In my opinion, my fellow young millenials (women in particular) are more open-minded to differing views and less racist than our parent’s and grandparent’s generations. We have also faced our fair share of adversity including war and a recession hitting during our years of obtaining employment, a situation that has forced many to take on early responsibility while being thrifty and creative enough to get by on the few opportunities that were available. Not to mention that we are the first generation that is expected to balance each and every activity and extracurricular, now accessible by both sexes, including a number of experiences that our elder fellow eligible jurors may never have dreamed of. All of these experiences have shaped our abilities to render verdicts when called by our country to serve as jurors.
Just because I do not pay a mortgage, have children, or have a husband, does not mean I am not aware of the issues that those in my community face. It does not mean that I do not have the same concerns about safety, or that I would be more or less harsh on a company being sued for damages simply because I have less equity and savings than a 45 year old woman. My want to sympathize, or lack thereof, with a certain plaintiff or defendant will most likely only vary slightly from any other person on the jury, and my attitudes will be a reflection of my life experiences and what has influenced me rather than my age, gender, or appreciation for social media and pop culture. Also, why do only young women make poor jurors or voters? How do any of my male peers have any more responsibility or ability to make decisions?

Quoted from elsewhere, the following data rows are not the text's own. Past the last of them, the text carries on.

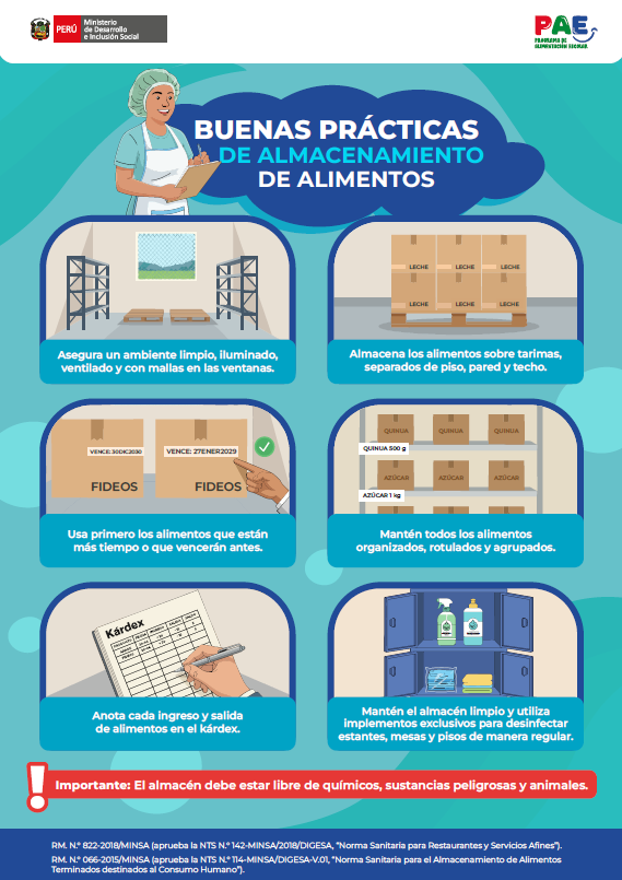 El afiche tamaño A3 titulado “Buenas prácticas de Manipulación de Alimentos”, está dirigido a los Comités de Alimentación Escolar (CAE) y manipuladores de alimentos, con el propósito de fortalecer la correcta manipulación durante las etapas de preparación y servicio del programa alimentario.
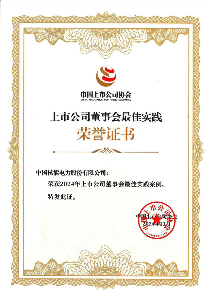 11月22日,中国上市公司协会第三届理事会第五次会议在北京召开,会议以“服务新质生产力,推动高质量发展”为主题,中国核电党委书记、董事长卢铁忠出席会议并作《服务新质生产力,推动高质量发展,谱写中国核电追求卓越新篇章》主旨演讲。会上,公司荣获“中国上市公司2024年董事会最佳实践案例”。
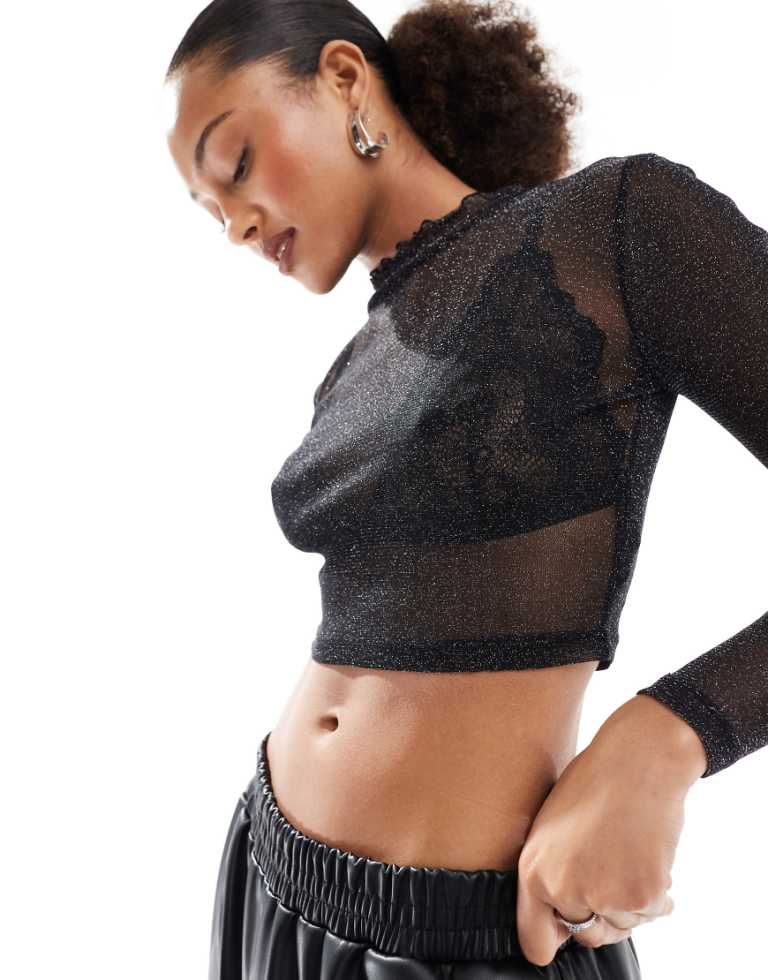 JJXX Womens long sleeve mesh top in black glitter - Size Small

Does a jury made up of middle aged and elderly people make any more sense? How can they use their common sense and experiences to judge a young criminal defendant or less worldly civil plaintiff or defendant any better than a young person? My entire life I have felt that adults looked down on me as a younger person and would not give my ideas as much value as they may have deserved. My hopes in attending law school were that this sense of injustice would be lessened in the legal world, however it is comments like Ms. Guilfoyle’s that only perpetuate this idea and will turn my young women peers off from serving as a juror if they are going to be looked down upon or dismissed simply because they grew up with N’Sync instead of The Beatles. Our job as lawyers should be to encourage jury service so that we have the largest number of qualified jurors to choose from and we should be choosing them based on their attitudes and life experiences rather than their demographics.
Another Fox News commentator also spoke about young women and termed them “Beyonce” voters (because they are single ladies) since they tend to be more liberal and because they depend on the government since they are not depending on husbands. Aside from the sexist nature of this comment, by focusing only on their age, marital status, and gender, lawyers, judges, or politicians would be ignoring the vast complexity of these women’s lives and short-changing their ability to serve as impartial jurors or as competent voters. There has also been much discussion regarding the changing demographics of jurors in New York, specifically Brooklyn, that has led to the term “hipster juror” who is a more well-off, educated, “law and order” type. Defense lawyers are up in arms because these jurors will not have the experiences to identify with their poor minority defendants. But, “do we want jurors to get to the truth, or just be "pro defendant"? What is missing is any call for justice and truth.”
I know that I am not the prototypical young female potential juror, however I still believe that lawyers should take a lot more than our appreciation for Taylor Swift and Snapchat into account when deciding if we could take the job of being a juror seriously.